**To do:**
Will you write out the data exactly, excluding every picture?

**Records supplied:**
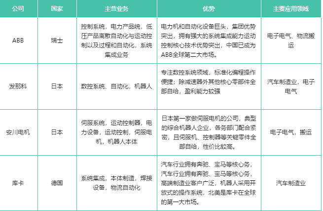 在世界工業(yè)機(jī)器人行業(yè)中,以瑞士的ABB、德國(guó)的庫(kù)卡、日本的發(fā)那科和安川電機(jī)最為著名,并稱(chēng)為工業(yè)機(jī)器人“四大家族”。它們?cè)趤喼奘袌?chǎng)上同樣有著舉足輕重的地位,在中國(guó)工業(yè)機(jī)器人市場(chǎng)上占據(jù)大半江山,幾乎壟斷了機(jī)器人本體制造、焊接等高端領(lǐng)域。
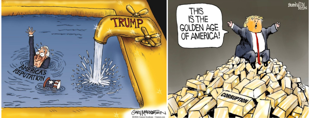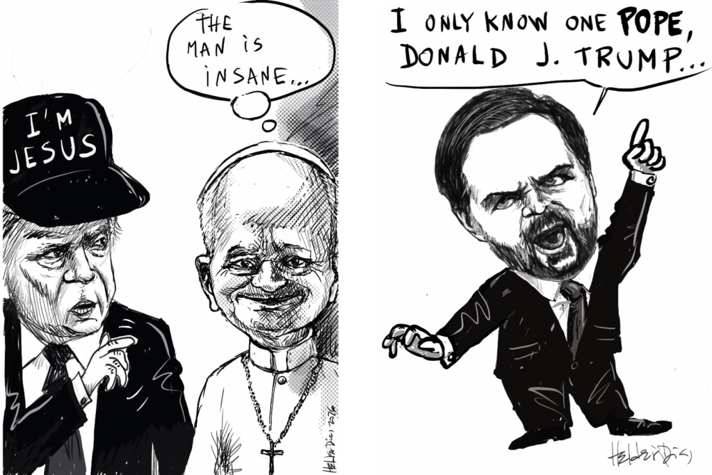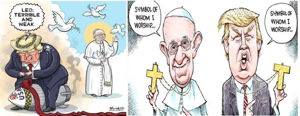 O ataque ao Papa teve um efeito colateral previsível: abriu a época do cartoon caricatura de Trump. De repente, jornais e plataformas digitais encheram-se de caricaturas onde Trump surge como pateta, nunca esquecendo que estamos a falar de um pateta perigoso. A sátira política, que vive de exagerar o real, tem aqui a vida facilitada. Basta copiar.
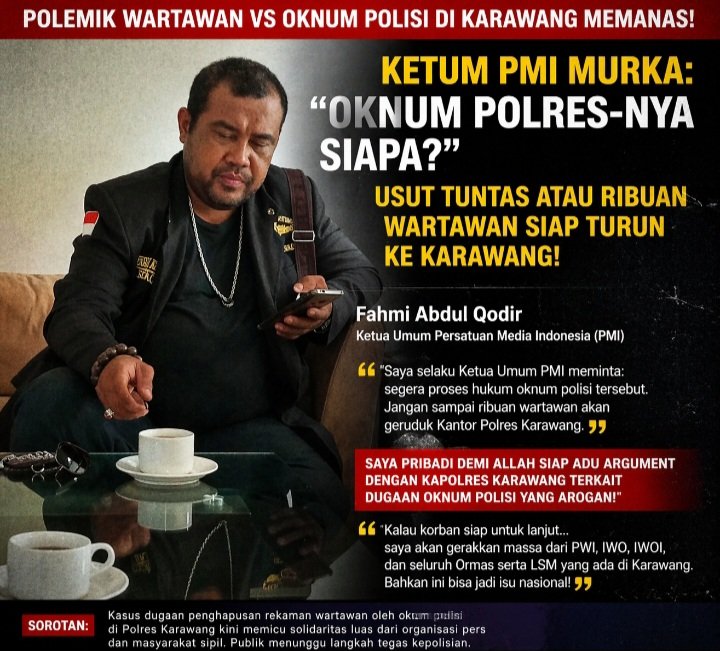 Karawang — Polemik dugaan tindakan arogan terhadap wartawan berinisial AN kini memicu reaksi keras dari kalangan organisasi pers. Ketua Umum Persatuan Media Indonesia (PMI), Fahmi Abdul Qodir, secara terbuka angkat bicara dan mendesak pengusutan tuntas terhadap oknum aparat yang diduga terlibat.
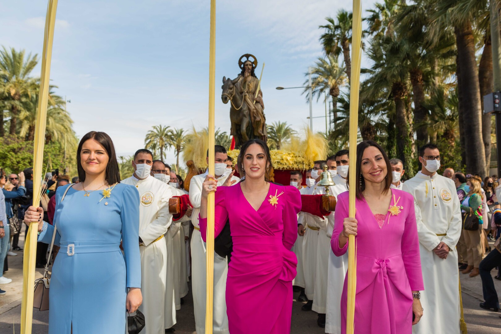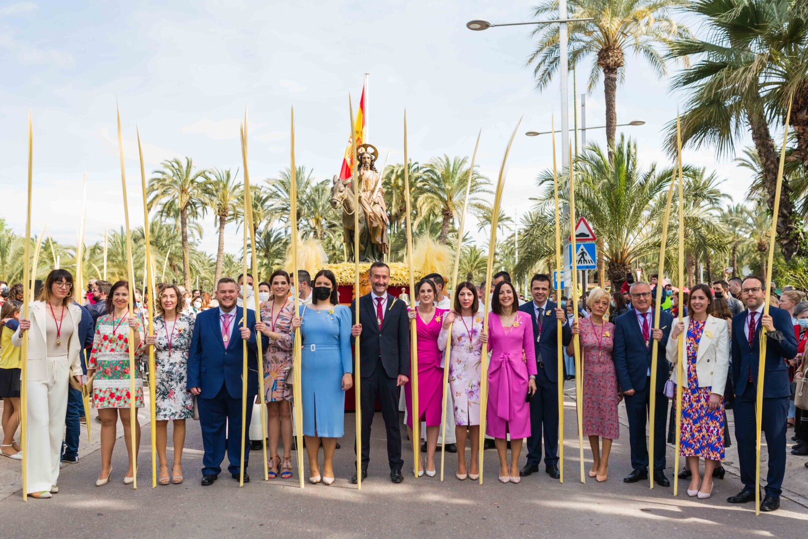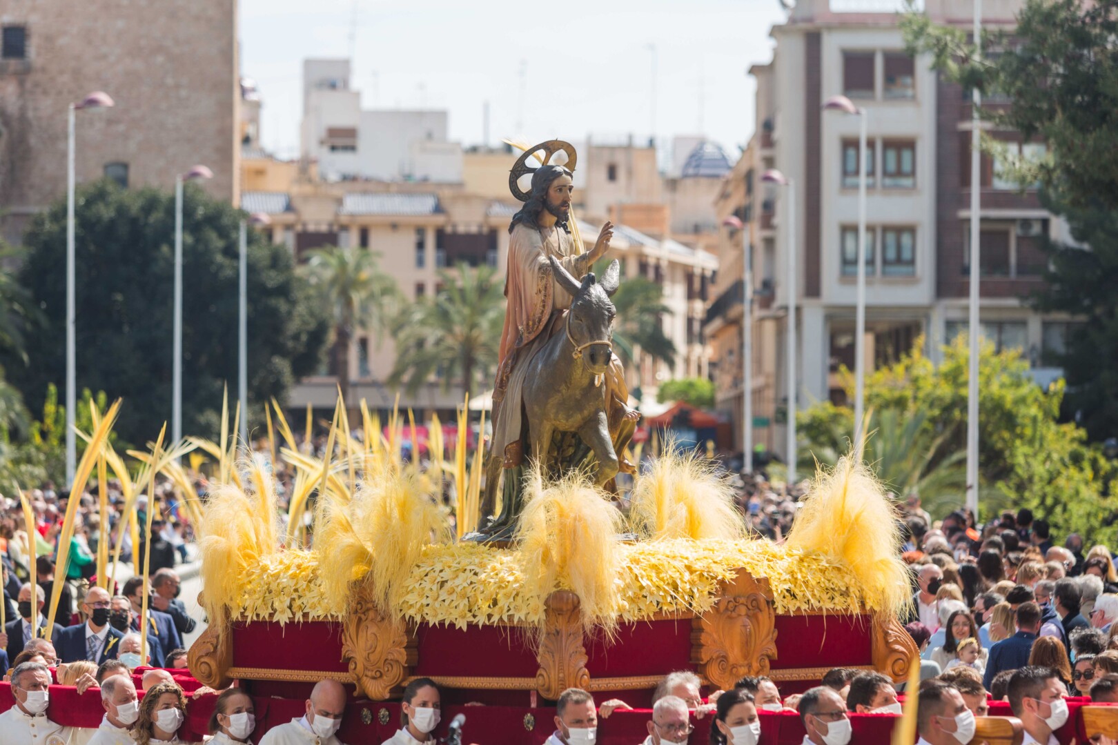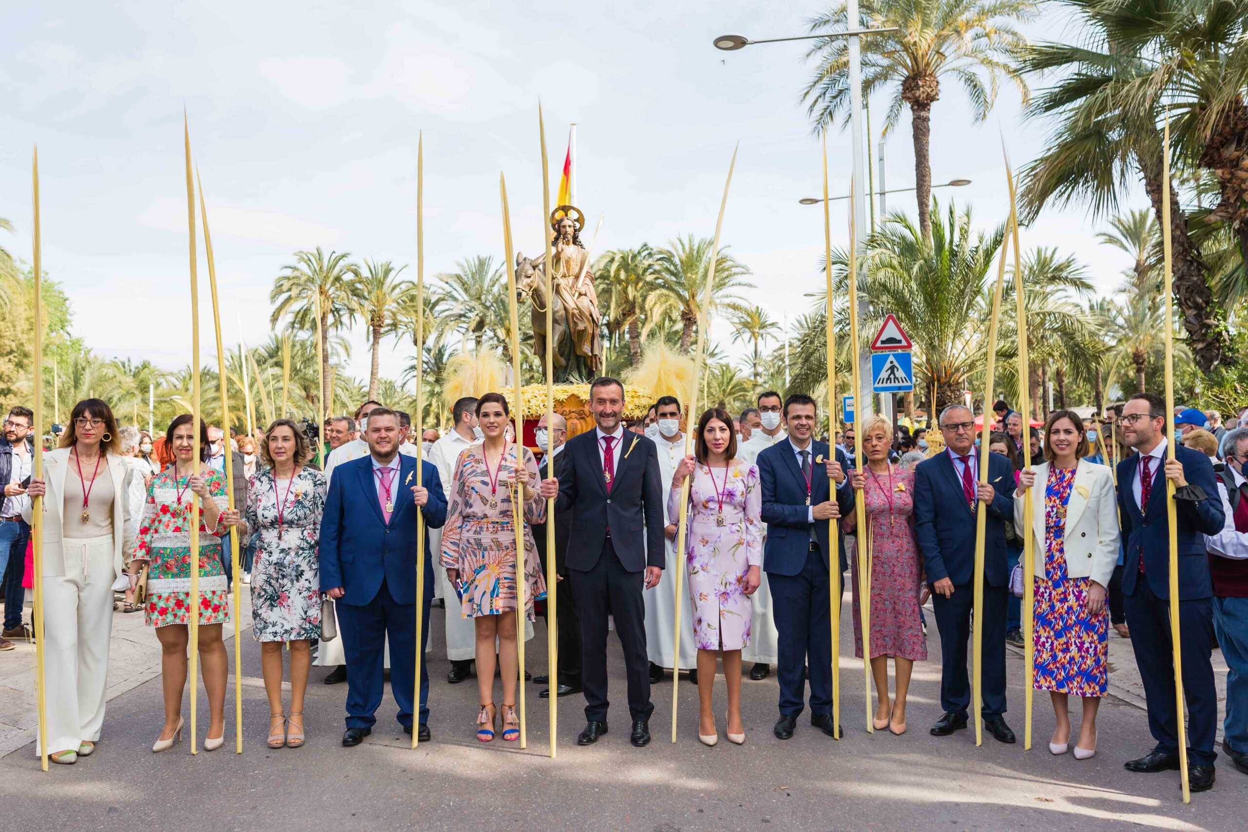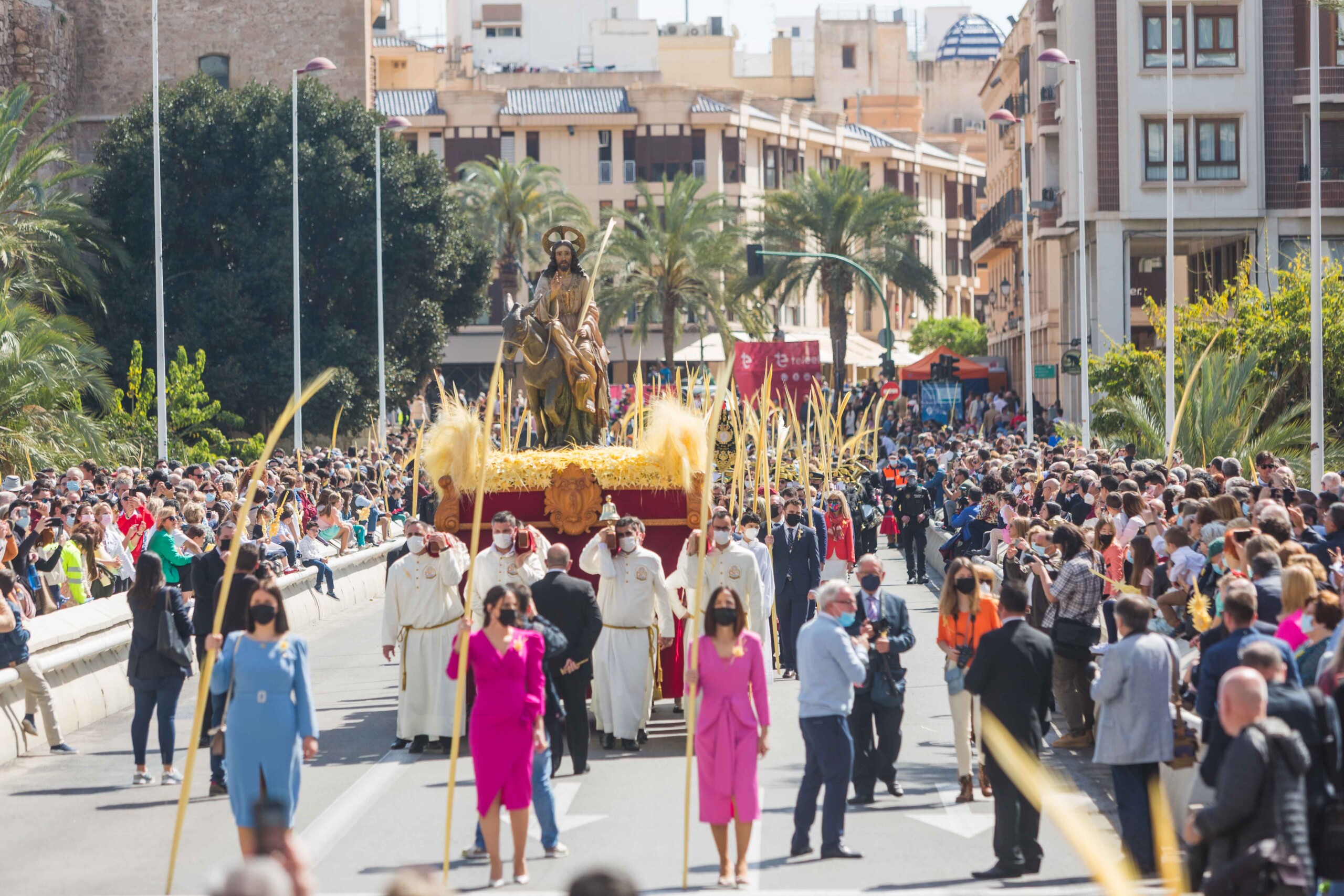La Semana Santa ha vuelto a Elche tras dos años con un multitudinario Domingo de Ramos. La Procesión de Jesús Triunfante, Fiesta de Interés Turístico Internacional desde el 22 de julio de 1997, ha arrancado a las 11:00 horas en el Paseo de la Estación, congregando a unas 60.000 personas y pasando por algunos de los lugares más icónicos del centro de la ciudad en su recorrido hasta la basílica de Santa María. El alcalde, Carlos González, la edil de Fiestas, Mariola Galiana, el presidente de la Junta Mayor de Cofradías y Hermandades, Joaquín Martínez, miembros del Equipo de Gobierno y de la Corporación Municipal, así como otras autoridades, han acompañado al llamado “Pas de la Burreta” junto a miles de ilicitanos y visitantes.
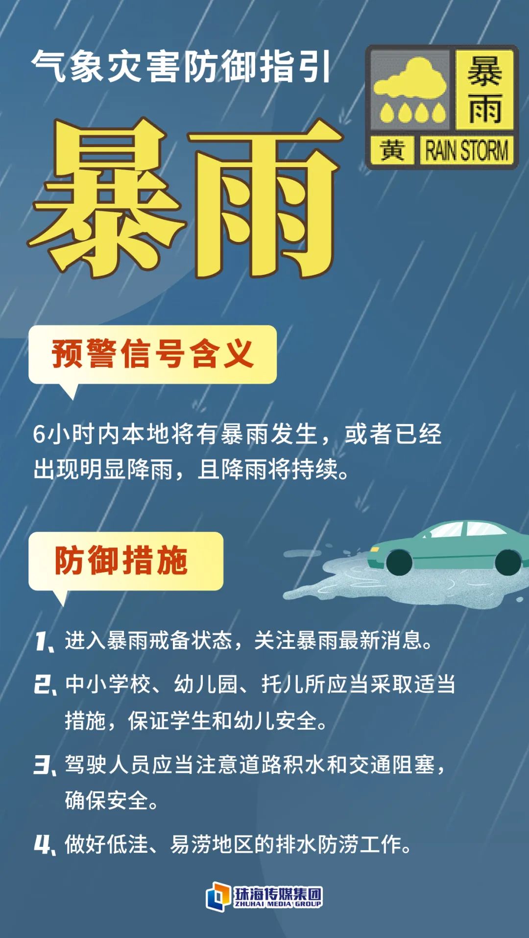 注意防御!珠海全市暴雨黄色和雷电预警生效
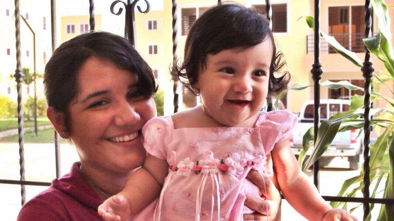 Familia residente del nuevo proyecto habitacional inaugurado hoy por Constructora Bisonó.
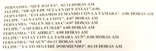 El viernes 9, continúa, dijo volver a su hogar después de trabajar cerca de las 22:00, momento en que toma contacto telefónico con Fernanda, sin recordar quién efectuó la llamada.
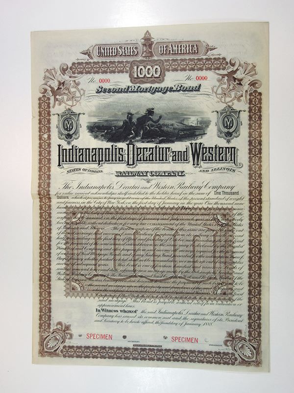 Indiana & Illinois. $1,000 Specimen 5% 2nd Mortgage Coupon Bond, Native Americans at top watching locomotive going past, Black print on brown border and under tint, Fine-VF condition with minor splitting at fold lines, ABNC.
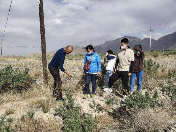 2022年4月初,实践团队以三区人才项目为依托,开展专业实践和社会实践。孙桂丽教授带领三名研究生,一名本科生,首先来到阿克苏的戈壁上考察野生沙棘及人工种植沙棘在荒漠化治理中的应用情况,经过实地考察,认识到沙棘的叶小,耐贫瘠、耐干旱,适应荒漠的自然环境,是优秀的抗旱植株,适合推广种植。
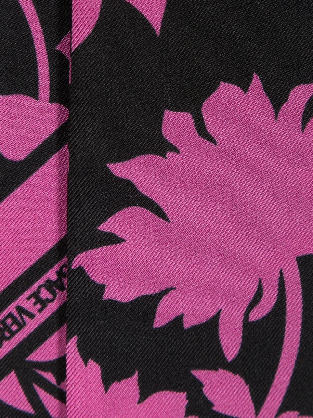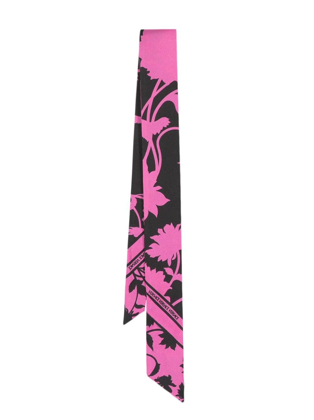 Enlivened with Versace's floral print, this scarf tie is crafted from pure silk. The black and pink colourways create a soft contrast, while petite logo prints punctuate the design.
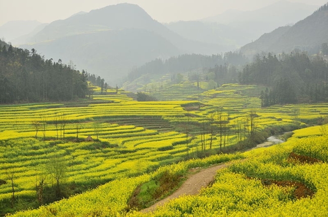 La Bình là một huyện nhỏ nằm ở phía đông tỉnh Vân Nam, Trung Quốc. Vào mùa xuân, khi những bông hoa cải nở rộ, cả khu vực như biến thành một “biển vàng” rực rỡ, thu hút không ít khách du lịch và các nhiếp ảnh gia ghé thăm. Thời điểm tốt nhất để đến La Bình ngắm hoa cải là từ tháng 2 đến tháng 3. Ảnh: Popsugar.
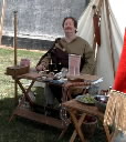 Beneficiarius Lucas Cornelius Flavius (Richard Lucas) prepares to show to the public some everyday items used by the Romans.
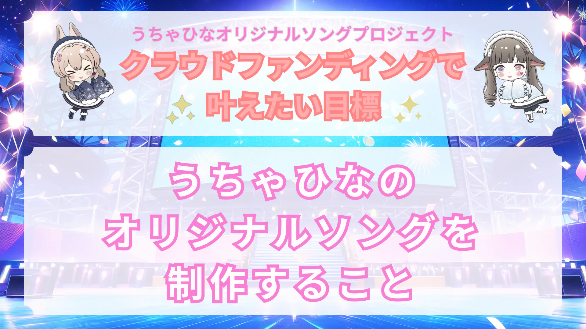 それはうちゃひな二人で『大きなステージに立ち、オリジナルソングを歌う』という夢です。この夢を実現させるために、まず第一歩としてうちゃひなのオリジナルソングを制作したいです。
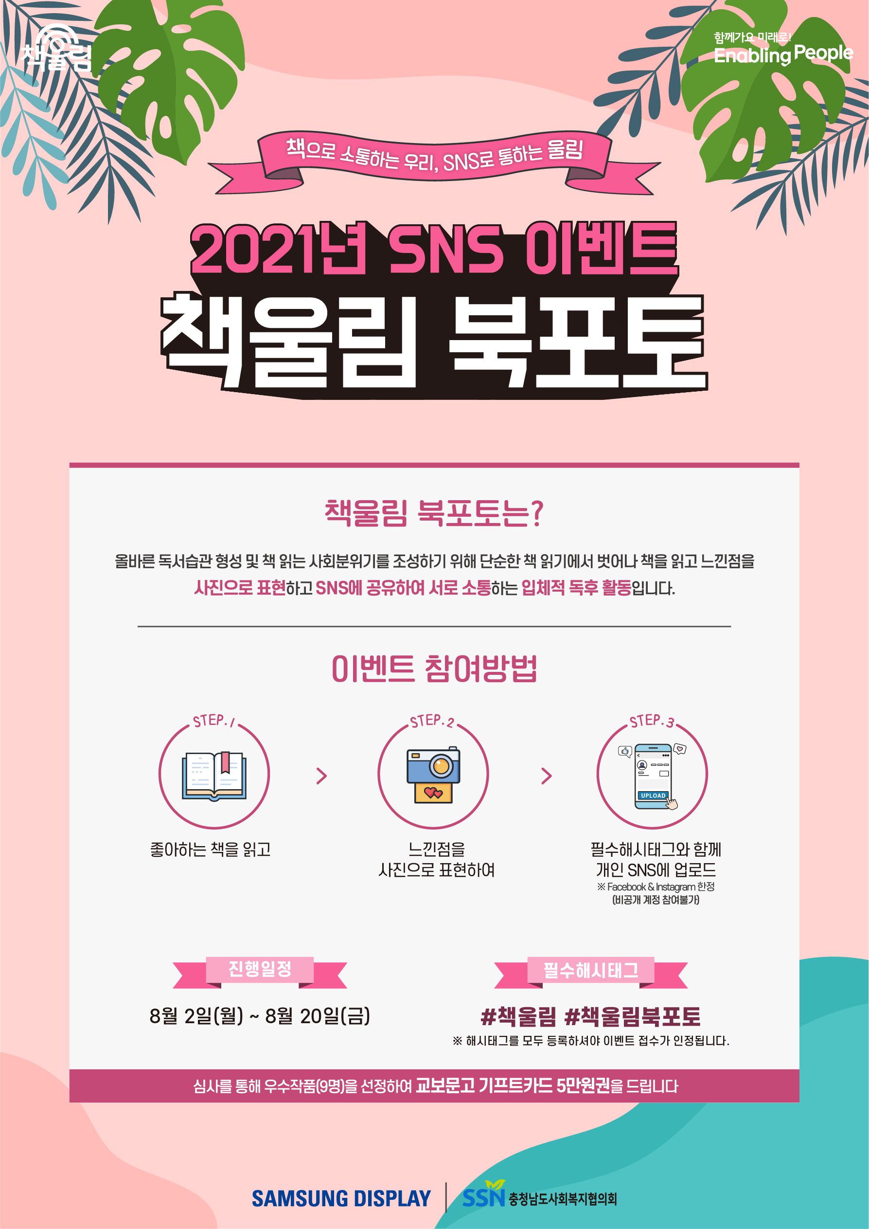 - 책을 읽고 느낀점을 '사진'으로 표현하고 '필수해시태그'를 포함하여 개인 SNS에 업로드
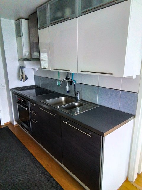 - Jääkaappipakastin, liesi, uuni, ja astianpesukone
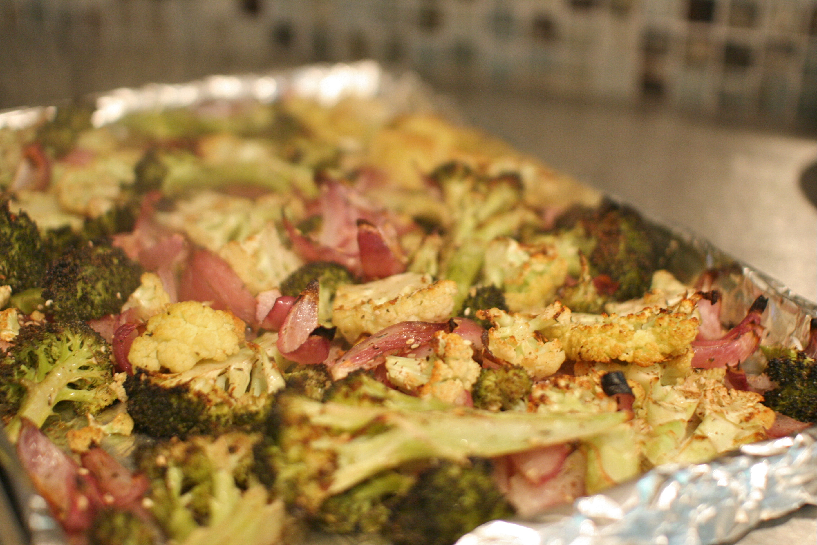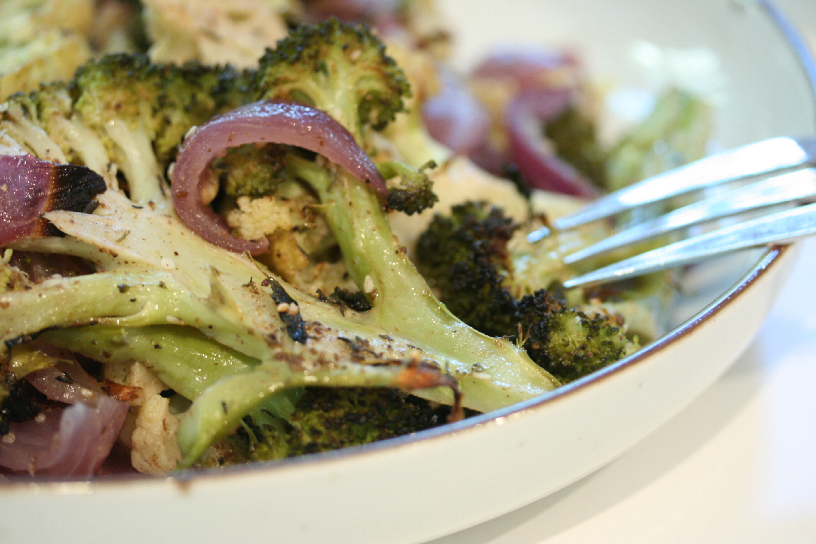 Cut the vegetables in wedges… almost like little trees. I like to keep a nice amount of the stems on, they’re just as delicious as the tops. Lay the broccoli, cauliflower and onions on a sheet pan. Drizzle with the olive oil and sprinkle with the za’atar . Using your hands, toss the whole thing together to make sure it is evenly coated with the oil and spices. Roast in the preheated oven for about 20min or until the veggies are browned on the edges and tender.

**Response to the exercise:**
 在世界工業(yè)機(jī)器人行業(yè)中,以瑞士的ABB、德國(guó)的庫(kù)卡、日本的發(fā)那科和安川電機(jī)最為著名,并稱(chēng)為工業(yè)機(jī)器人“四大家族”。它們?cè)趤喼奘袌?chǎng)上同樣有著舉足輕重的地位,在中國(guó)工業(yè)機(jī)器人市場(chǎng)上占據(jù)大半江山,幾乎壟斷了機(jī)器人本體制造、焊接等高端領(lǐng)域。
 O ataque ao Papa teve um efeito colateral previsível: abriu a época do cartoon caricatura de Trump. De repente, jornais e plataformas digitais encheram-se de caricaturas onde Trump surge como pateta, nunca esquecendo que estamos a falar de um pateta perigoso. A sátira política, que vive de exagerar o real, tem aqui a vida facilitada. Basta copiar.
 Karawang — Polemik dugaan tindakan arogan terhadap wartawan berinisial AN kini memicu reaksi keras dari kalangan organisasi pers. Ketua Umum Persatuan Media Indonesia (PMI), Fahmi Abdul Qodir, secara terbuka angkat bicara dan mendesak pengusutan tuntas terhadap oknum aparat yang diduga terlibat.
La Semana Santa ha vuelto a Elche tras dos años con un multitudinario Domingo de Ramos. La Procesión de Jesús Triunfante, Fiesta de Interés Turístico Internacional desde el 22 de julio de 1997, ha arrancado a las 11:00 horas en el Paseo de la Estación, congregando a unas 60.000 personas y pasando por algunos de los lugares más icónicos del centro de la ciudad en su recorrido hasta la basílica de Santa María. El alcalde, Carlos González, la edil de Fiestas, Mariola Galiana, el presidente de la Junta Mayor de Cofradías y Hermandades, Joaquín Martínez, miembros del Equipo de Gobierno y de la Corporación Municipal, así como otras autoridades, han acompañado al llamado “Pas de la Burreta” junto a miles de ilicitanos y visitantes.
 注意防御!珠海全市暴雨黄色和雷电预警生效
 Familia residente del nuevo proyecto habitacional inaugurado hoy por Constructora Bisonó.
 El viernes 9, continúa, dijo volver a su hogar después de trabajar cerca de las 22:00, momento en que toma contacto telefónico con Fernanda, sin recordar quién efectuó la llamada.
 Indiana & Illinois. $1,000 Specimen 5% 2nd Mortgage Coupon Bond, Native Americans at top watching locomotive going past, Black print on brown border and under tint, Fine-VF condition with minor splitting at fold lines, ABNC.
 2022年4月初,实践团队以三区人才项目为依托,开展专业实践和社会实践。孙桂丽教授带领三名研究生,一名本科生,首先来到阿克苏的戈壁上考察野生沙棘及人工种植沙棘在荒漠化治理中的应用情况,经过实地考察,认识到沙棘的叶小,耐贫瘠、耐干旱,适应荒漠的自然环境,是优秀的抗旱植株,适合推广种植。
 Enlivened with Versace's floral print, this scarf tie is crafted from pure silk. The black and pink colourways create a soft contrast, while petite logo prints punctuate the design.
 La Bình là một huyện nhỏ nằm ở phía đông tỉnh Vân Nam, Trung Quốc. Vào mùa xuân, khi những bông hoa cải nở rộ, cả khu vực như biến thành một “biển vàng” rực rỡ, thu hút không ít khách du lịch và các nhiếp ảnh gia ghé thăm. Thời điểm tốt nhất để đến La Bình ngắm hoa cải là từ tháng 2 đến tháng 3. Ảnh: Popsugar.
 Beneficiarius Lucas Cornelius Flavius (Richard Lucas) prepares to show to the public some everyday items used by the Romans.
 それはうちゃひな二人で『大きなステージに立ち、オリジナルソングを歌う』という夢です。この夢を実現させるために、まず第一歩としてうちゃひなのオリジナルソングを制作したいです。
 - 책을 읽고 느낀점을 '사진'으로 표현하고 '필수해시태그'를 포함하여 개인 SNS에 업로드
 - Jääkaappipakastin, liesi, uuni, ja astianpesukone
 Cut the vegetables in wedges… almost like little trees. I like to keep a nice amount of the stems on, they’re just as delicious as the tops. Lay the broccoli, cauliflower and onions on a sheet pan. Drizzle with the olive oil and sprinkle with the za’atar . Using your hands, toss the whole thing together to make sure it is evenly coated with the oil and spices. Roast in the preheated oven for about 20min or until the veggies are browned on the edges and tender.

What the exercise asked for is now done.